**Problem requirements:**
Pictures excluded, output the lines of the data below between the one holding "ROC curves and" and the one holding "Firkantet, indrammet udendørs", inclusive, exactly as they stand.

**Source data:**
* * * * * * *

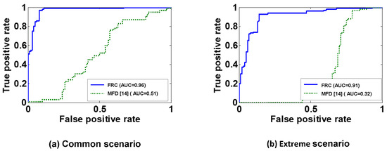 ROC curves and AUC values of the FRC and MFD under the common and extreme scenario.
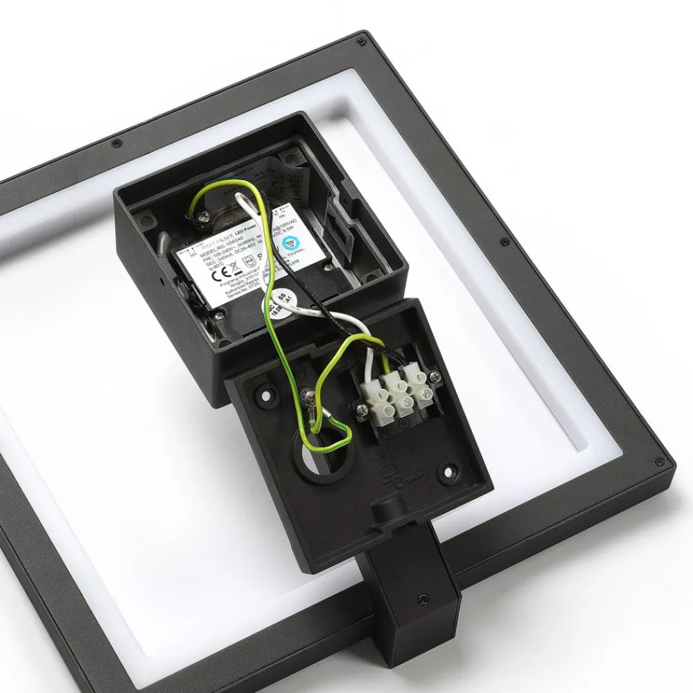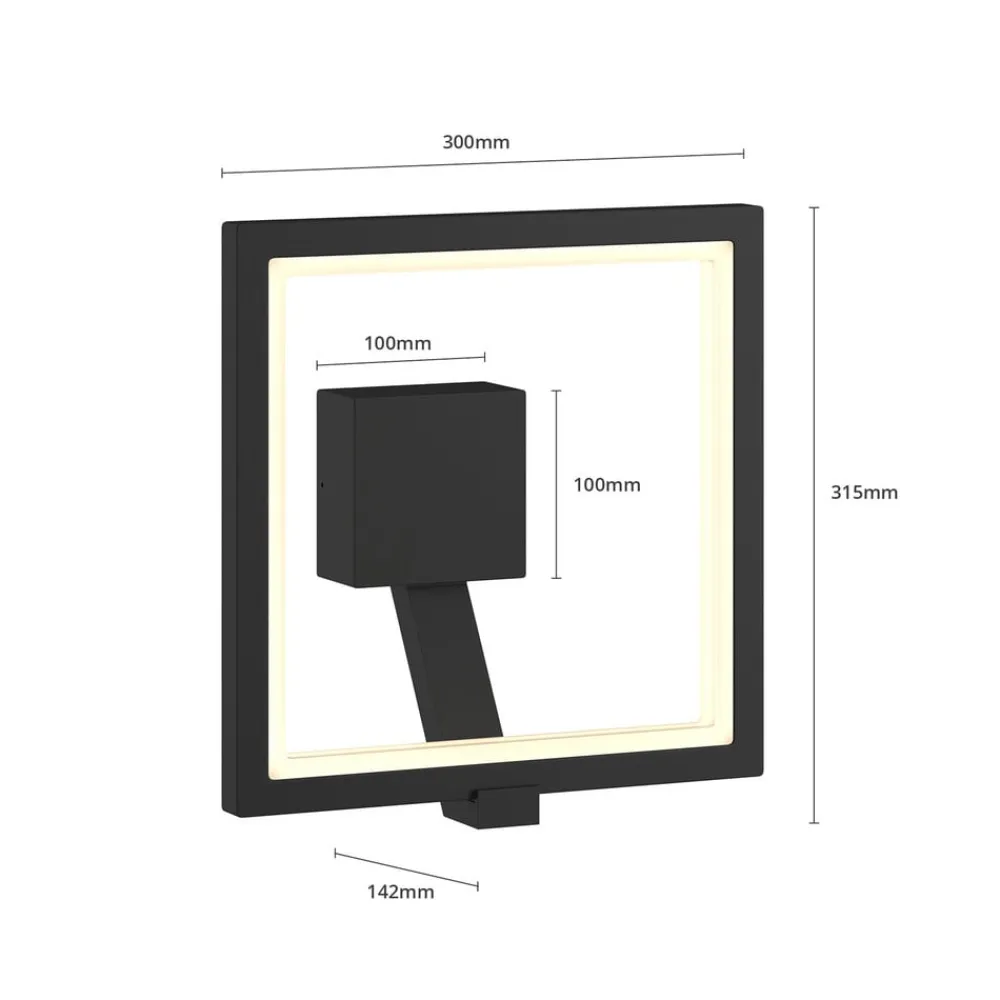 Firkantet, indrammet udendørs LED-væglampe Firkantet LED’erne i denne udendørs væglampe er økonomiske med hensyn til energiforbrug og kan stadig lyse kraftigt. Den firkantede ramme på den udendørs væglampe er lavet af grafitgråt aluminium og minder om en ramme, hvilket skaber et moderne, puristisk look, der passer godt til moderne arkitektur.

* * * * * * *

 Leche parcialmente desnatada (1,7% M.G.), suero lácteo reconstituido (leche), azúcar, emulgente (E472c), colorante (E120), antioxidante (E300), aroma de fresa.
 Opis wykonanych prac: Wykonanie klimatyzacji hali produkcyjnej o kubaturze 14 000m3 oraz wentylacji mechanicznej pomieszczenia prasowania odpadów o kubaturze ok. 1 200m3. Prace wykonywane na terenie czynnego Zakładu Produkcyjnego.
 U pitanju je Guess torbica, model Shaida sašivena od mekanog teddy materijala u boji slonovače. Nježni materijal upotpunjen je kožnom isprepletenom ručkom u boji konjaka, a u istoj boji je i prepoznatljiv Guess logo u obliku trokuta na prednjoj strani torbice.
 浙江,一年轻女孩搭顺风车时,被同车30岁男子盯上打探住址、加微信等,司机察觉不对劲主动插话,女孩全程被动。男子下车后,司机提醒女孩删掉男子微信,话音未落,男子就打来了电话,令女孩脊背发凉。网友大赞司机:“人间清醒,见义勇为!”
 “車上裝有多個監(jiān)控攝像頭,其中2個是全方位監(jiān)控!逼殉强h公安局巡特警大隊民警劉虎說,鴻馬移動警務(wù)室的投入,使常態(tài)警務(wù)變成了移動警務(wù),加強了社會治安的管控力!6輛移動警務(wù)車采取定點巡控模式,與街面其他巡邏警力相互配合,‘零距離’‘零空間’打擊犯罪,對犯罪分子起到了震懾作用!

* * * * * * *

**Output below:**
 ROC curves and AUC values of the FRC and MFD under the common and extreme scenario.
 Firkantet, indrammet udendørs LED-væglampe Firkantet LED’erne i denne udendørs væglampe er økonomiske med hensyn til energiforbrug og kan stadig lyse kraftigt. Den firkantede ramme på den udendørs væglampe er lavet af grafitgråt aluminium og minder om en ramme, hvilket skaber et moderne, puristisk look, der passer godt til moderne arkitektur.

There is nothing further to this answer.